Question

Describe the key difference between the separation of between treatment variability for the one-factor independent measures ANOVA and the two-factor independent measures factorial ANOVA.

Answer 1

In a one-way ANOVA there are two possible hypotheses.

1)The null hypothesis (H0) is that there is no difference between the groups and equality between means.

2lThe alternative hypothesis (H1) is that there is a difference between the means and groups.

Assumption of one way anova

1)Normality – That each sample is taken from a normally distributed population

2)Sample independence – that each sample has been drawn independently of the other samples

3)Variance Equality – That the variance of data in the different groups should be the same

4)Your dependent variable – here, “weight”, should be continuous – that is, measured on a scale which can be subdivided using increments (i.e. grams, milligrams)

Two factorial ANOVA

Two way factorial ANOVA is a special case of factorial ANOVA.
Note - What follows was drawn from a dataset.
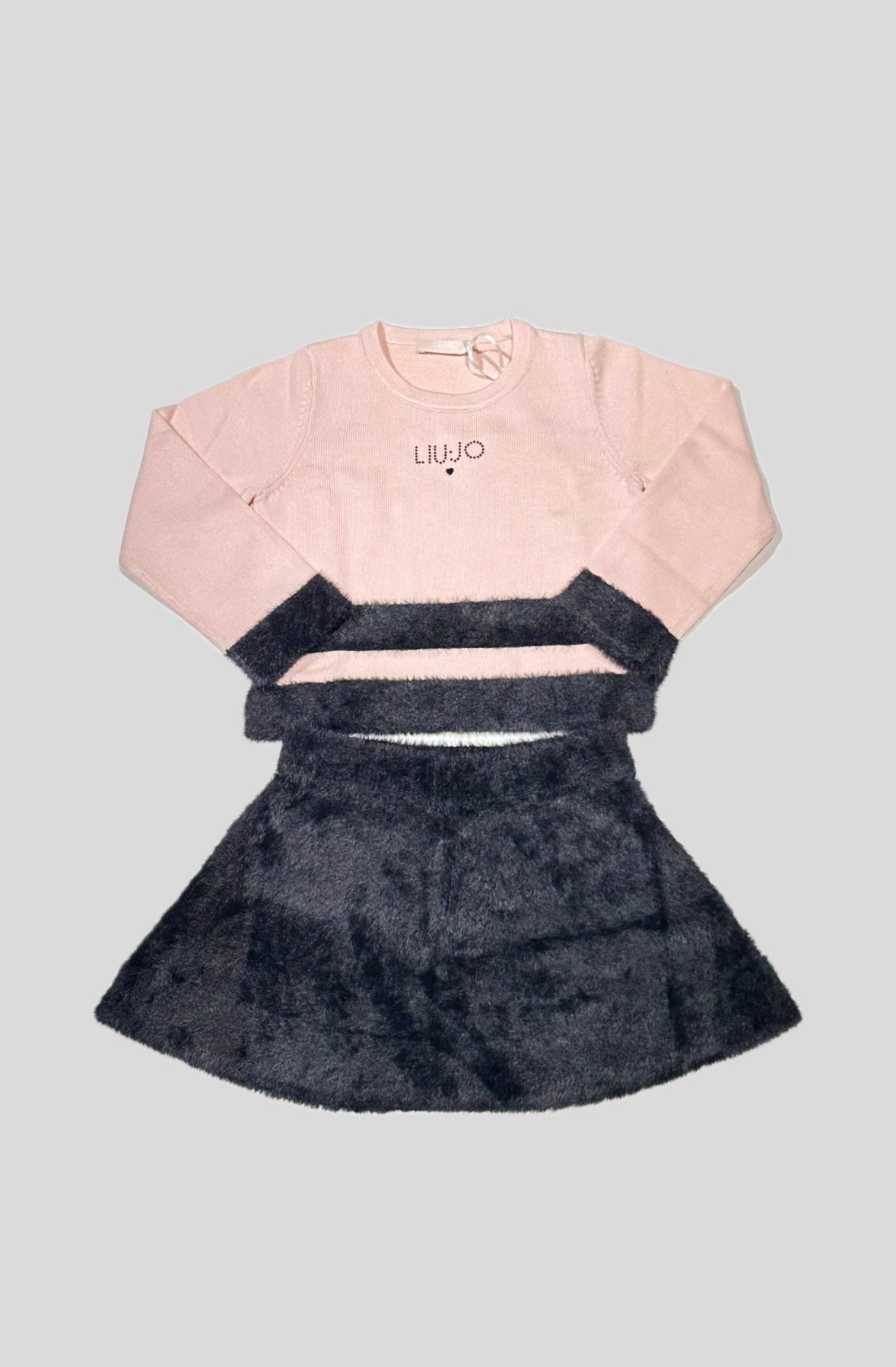 Completo Liu Jo neonata/bambina, composto dalla maglia in lana rasata fondo Rosa con profili in pelliccia che richiamano la gonna Fondo Nero, vestibilità regolare.
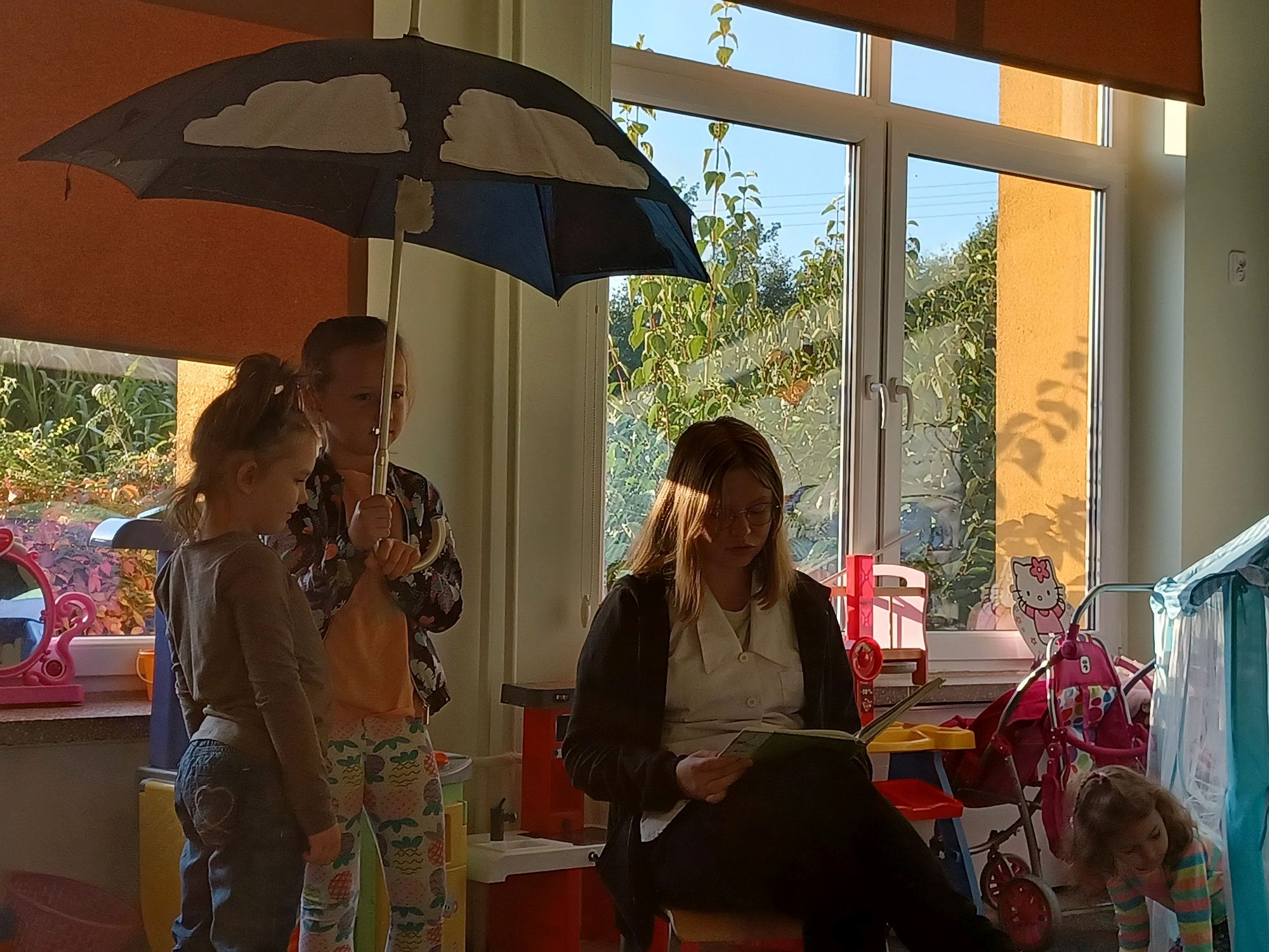 Kolejne „Czytanie pod chmurką” z okazji Miesiąca Bibliotek Szkolnych”, odbyło się ósmego października w zerówce. Dzieci dowiedziały się o tym jak opiekować się zwierzętami. Opowiadanie Barbary Kosmowskiej „Noga w nogę, łapa w łapę” ze zbioru „Opowiadania o zwierzętach” przeczytała Aurelia Giza. Była to także okazja do zachęcenia dzieci do odwiedzin w bibliotece i udziału w akcji „Mała książka wielki człowiek” . Dwoje dzieci z tej grupy otrzymało już w ubiegłym roku szkolnym imienne dyplomy za udział w tej akcji.

1)“Two way” refers to the number of factors in a factorial ANOVA design. A two way ANOVA would have a factor A (with 2 or more levels or groups) ‘crossed with’ a factor B (also with 2 or more levels or groups.

2)Factorial designs can have more than 2 factors. If you have three factors (A, B and C) this is called a three way factorial.

3)Factorial ANOVA adds any number of categorical IVs to the regression (and maybe some interactions among them).